# Which casts farther?



## wvsaltwaterjunky (May 23, 2011)

I am looking to get a new distance casting reel and am looking at the Daiwa Sealine-x Series and the Abu Garcia 7000i c3 ct Mag. Does anyone have an opinion on which of these reels casts the farthest and which might be the better choice for long distance casting from the beach with a 12 foot rod and 20# mono throwing 6 and bait?


----------



## fish bucket (Dec 5, 2002)

of those 2 the daiwa would be the better choice.
but a penn mag 525 or penn squall would be an even better choice.


----------



## ncsharkman (Mar 12, 2011)

U have both and the abu will cast farther with less blow ups, the sealine however, is a reel that requires almost no maintainance. you have to keep the abus very clean!


----------



## OBXLOCAL (Dec 23, 2010)

I have been beach fishing for only a short part of my life. since gas prices went out of site and boats cost alot to run. pretty much only the last couple of years. My first conventional ever was the sealinex30 just 6 months ago and thanks to tommys videos and a one on one phone call with him {very nice guy} I have a tica 12' and can get to 300' with 6 n bait when the stars align, every 5 casts or so. I hope i'll get better. just trying to say that the brakes {different settings} that the sealine offers have really helped me progress. I read alot on here and most would say the mag reels are better. For the price and me being a beginner in the distance casting dept. I am happy with the sealine.


----------



## Flytyingguy1 (Sep 8, 2009)

Look at all the Tournment caster. All they use are Abu's. That's got to tell you something!


----------



## AbuMike (Sep 3, 2007)

Flytyingguy1 said:


> Look at all the Tournment caster. All they use are Abu's. That's got to tell you something!

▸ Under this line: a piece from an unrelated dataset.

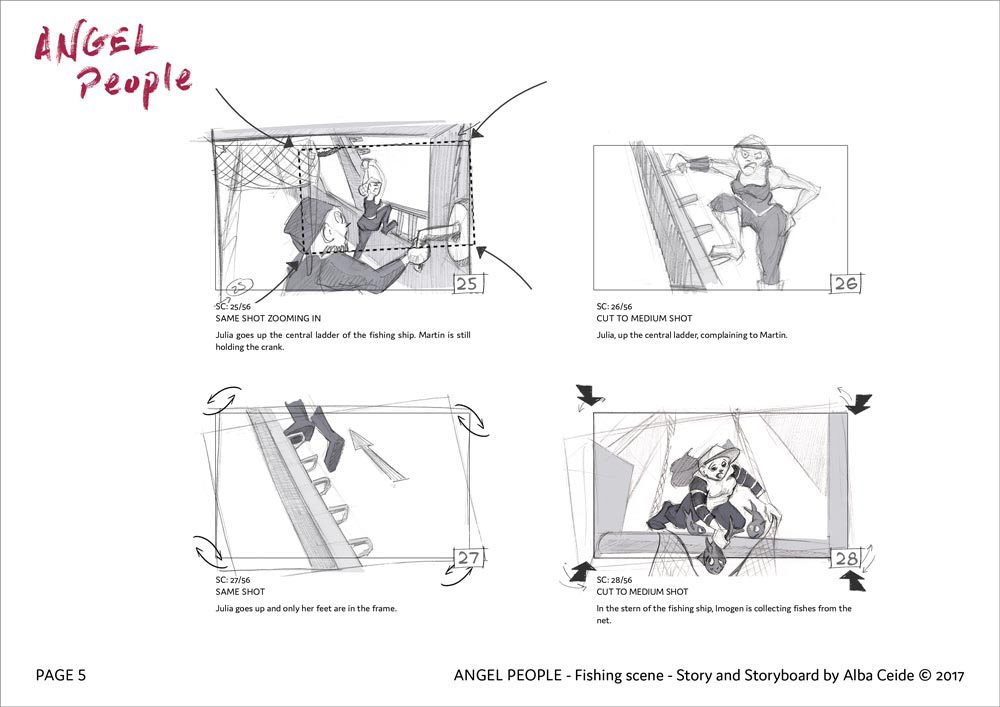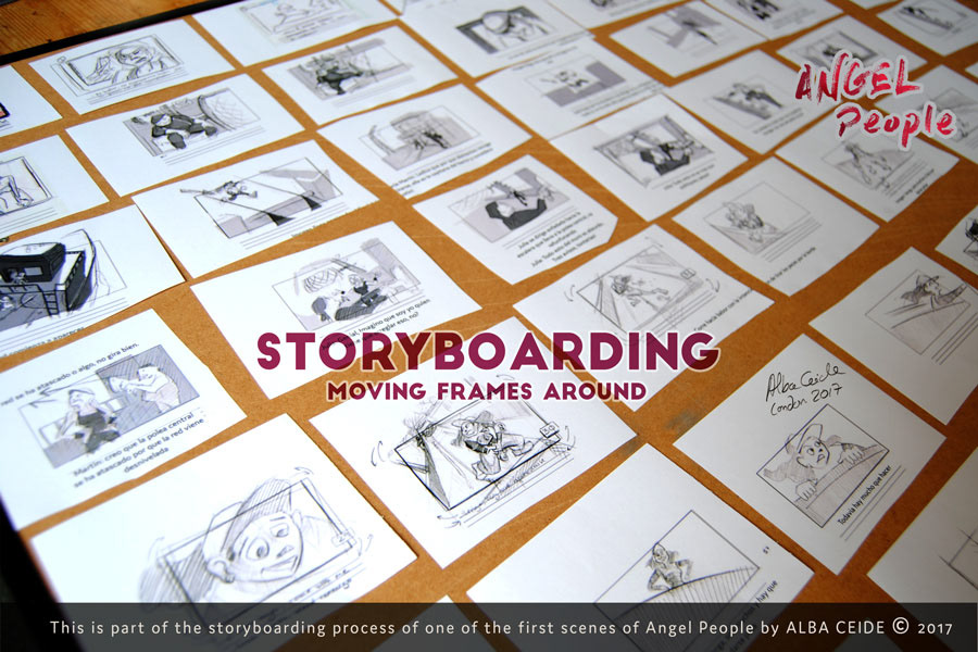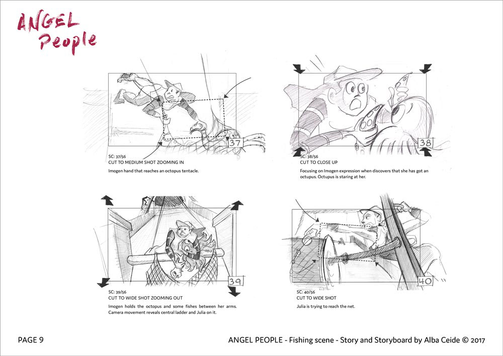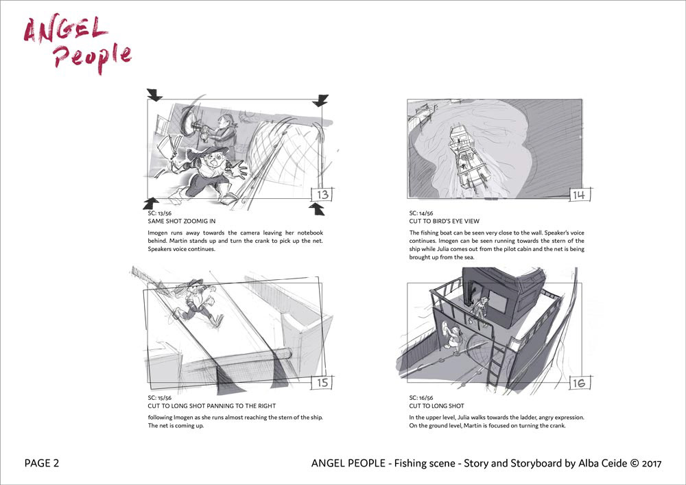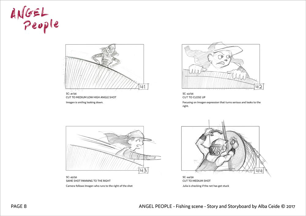 This is a storyboard I did for an animated scene of my comic Angel People.

Sorry but your statement has no bearing here between these 2 reels. I have had and fished both and the 7000mag is a POS compared to the Daiwa....Well it's just a POS.......


----------



## flathead (Dec 18, 2003)

If you want a long distance " fishing " reel that is a " low maintenance tank " with a great drag and enough line capacity to land cobia from the beach,then the Sealine 30SHV is the better choice.


----------



## rattler (Jul 3, 2004)

wvsaltwaterjunky said:


> I am looking to get a new distance casting reel and am looking at the Daiwa Sealine-x Series and the Abu Garcia 7000i c3 ct Mag. Does anyone have an opinion on which of these reels casts the farthest and which might be the better choice for long distance casting from the beach with a 12 foot rod and 20# mono throwing 6 and bait?


I would say the ABU. I do like the 525 mag. 15lb/17lb. jmo


----------